The semi-trailer trucks pulled away, Garth pressed his face against the fence to peek through a rusted hole. He goaded Barney, “Whatcha gonna do with all that junk?” Barney just loaded the wreckage onto his forklift a chunk at a time. “There’s no way you can scrap all that, old man.” Barney kept loading the wreckage into his workshop.

Later that night, Tonia sat at the kitchen table. A chewed pencil hung from her lip. Papers were scattered in loose stacks around her. Barney opened the back door and hopped over the last step. He whistled and swung open the refrigerator door. She looked up from her work.

“Are you feeling okay, daddy?”

He opened a beer. “I feel fine, Sparkplug.”

“Then why are you whistling?” she pointed her pencil at him.

He held up his hands. “Honest, I just feel good.”

“I don’t believe you, geezer. Did you talk to Uncle Garth?”

He set his beer down. “I asked you not to call him uncle and no. Well, nothing important. I took a job and he was making fun of me.”
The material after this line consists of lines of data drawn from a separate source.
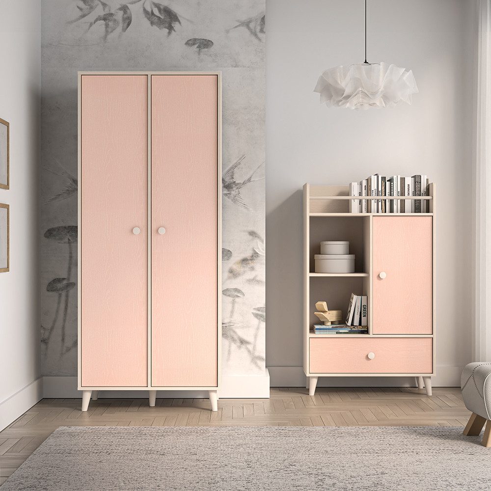 Dieses 2-teilige Set bringt praktische Ordnung und sanftes Design ins Kinderzimmer. Der zweitürige Kleiderschrank bietet mit Kleiderstangen und Einlegeböden großzügigen Stauraum für Kleidung und Accessoires. Das Regal ergänzt den Stauraum mit offenen Fächern, einer Tür und einer geräumigen Schublade – ideal für Bücher, Deko oder Spielsachen. Die fühlbare Holzstruktur, rosa Fronten, Softclose-Funktion und ABS-Kanten sorgen für Sicherheit, Langlebigkeit und ein freundliches Ambiente im modernen Skandi-Stil.
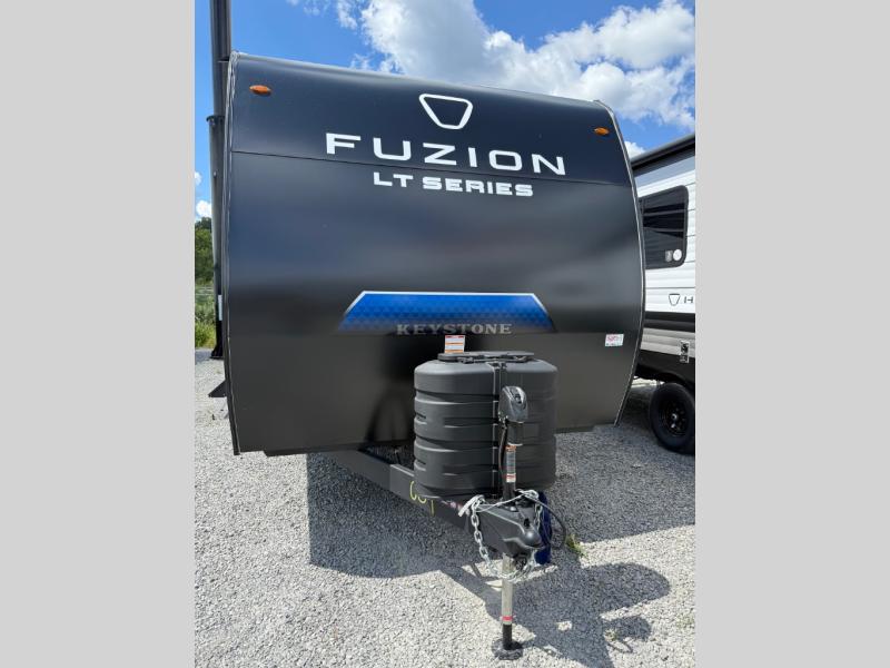 Embrace the great outdoors with a Fuzion Impact Edition toy hauler by Keystone! There is an aluminum exterior and a 8' 4" wide-body construction for your toys and gear! The one-piece polypropylene heated underbelly includes enclosed tanks and valves which will help extend your camping season, and the leaf spring suspension system will provide smooth towing. Head inside to enjoy night shades, hardwood cabinetry, and fiberglass backed linoleum floor with no carpet-free for easy cleaning. Each model also includes a Girard on-demand water heater, two 30 lb. LP tanks, recessed LED puck lighting throughout, and the list of comforts goes on!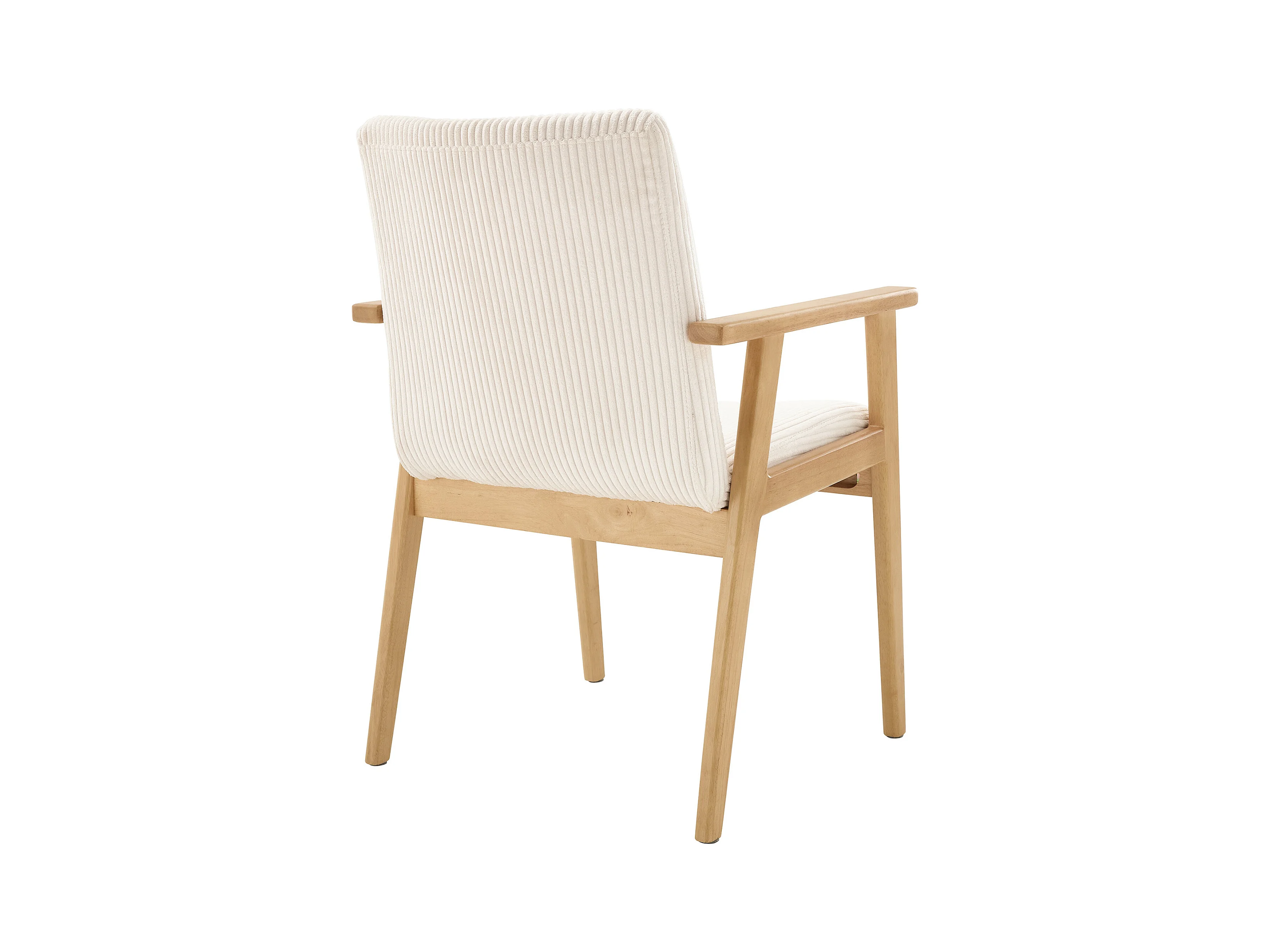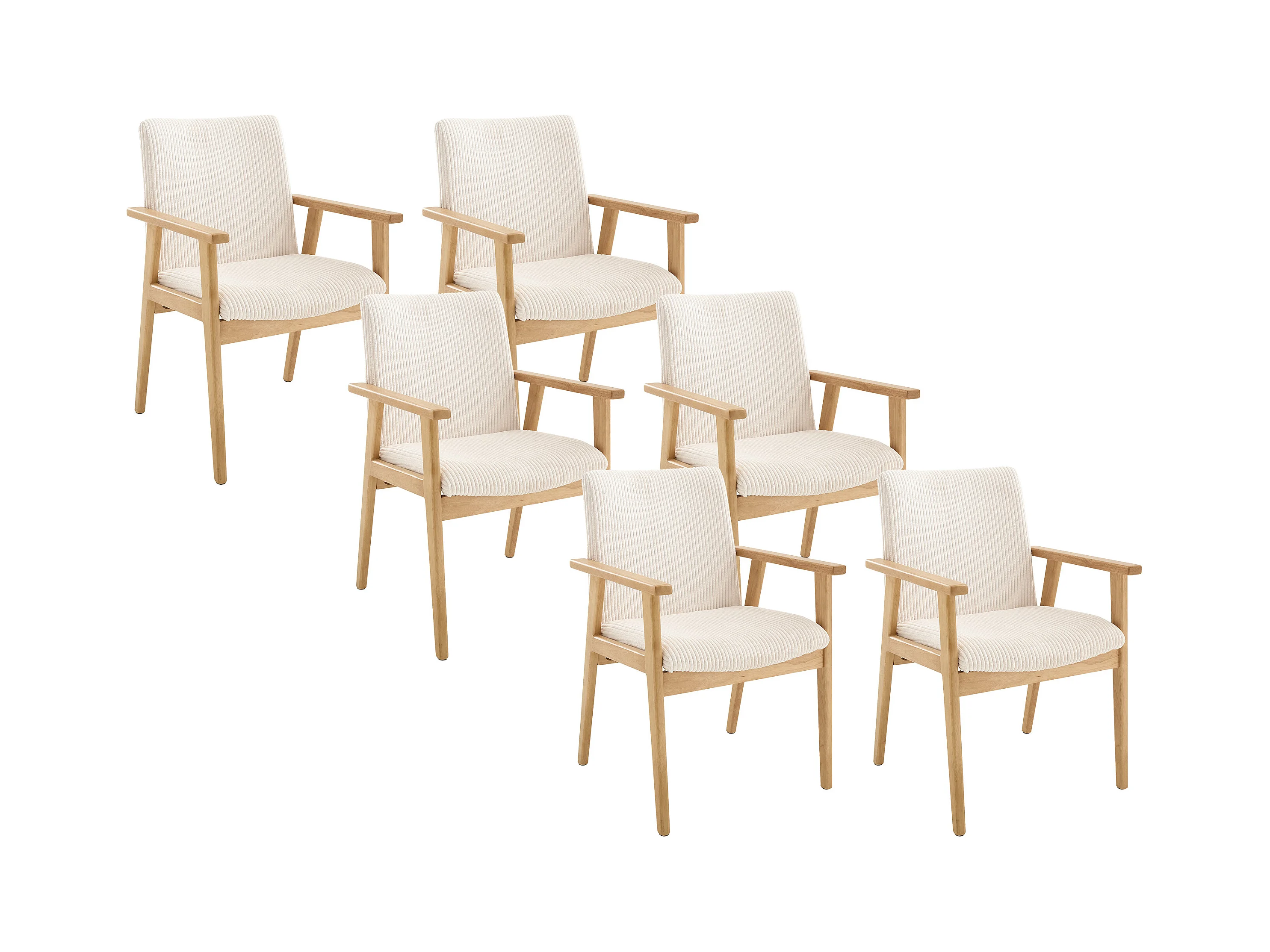Lot de 6 chaises avec accoudoirs en velours côtelé et bois d'hévéa - Crème - FILDON

“Slow down. Hotrod, a job?”

“Yeah, what of it? I wanted to do something with my hands. Frank at the station had a big job.”

The woman started straightening her papers. She removed her glasses. Tonia gave him a hard side-eye, “What are you up to?”

Barney held one hand up and the other with the beer over his heart. He put on a solemn expression, “I’m not up to anything. Swear.”

A few weeks later, Tonia packed her bag. Barney was watching TV. She leaned over and gave his bald spot a kiss. “I’ll be out late. If you need anything, text me.”

“Okay, Sparkplug.” He waited. A commercial babbled about cavities. Her car started. Some burly woman in a unitard and mask smiled while holding the advertised toothpaste. As Tonia’s car pulled out of the driveway, Barney sat up. He jogged to his workshop.

Inside, machine parts were stacked from floor to ceiling. Pieces of old doomsday devices were displayed as trophies: the Atomic Drill, one of Cerberus’s heads, and Shadow Doom’s Starlance. Just husks of their former glory. Rust dulled their surfaces. A thick dust blanketed everything, except for a single workbench. Stacks of robot parts were neatly arranged next to the table. A heavy tarp concealed a bulky form.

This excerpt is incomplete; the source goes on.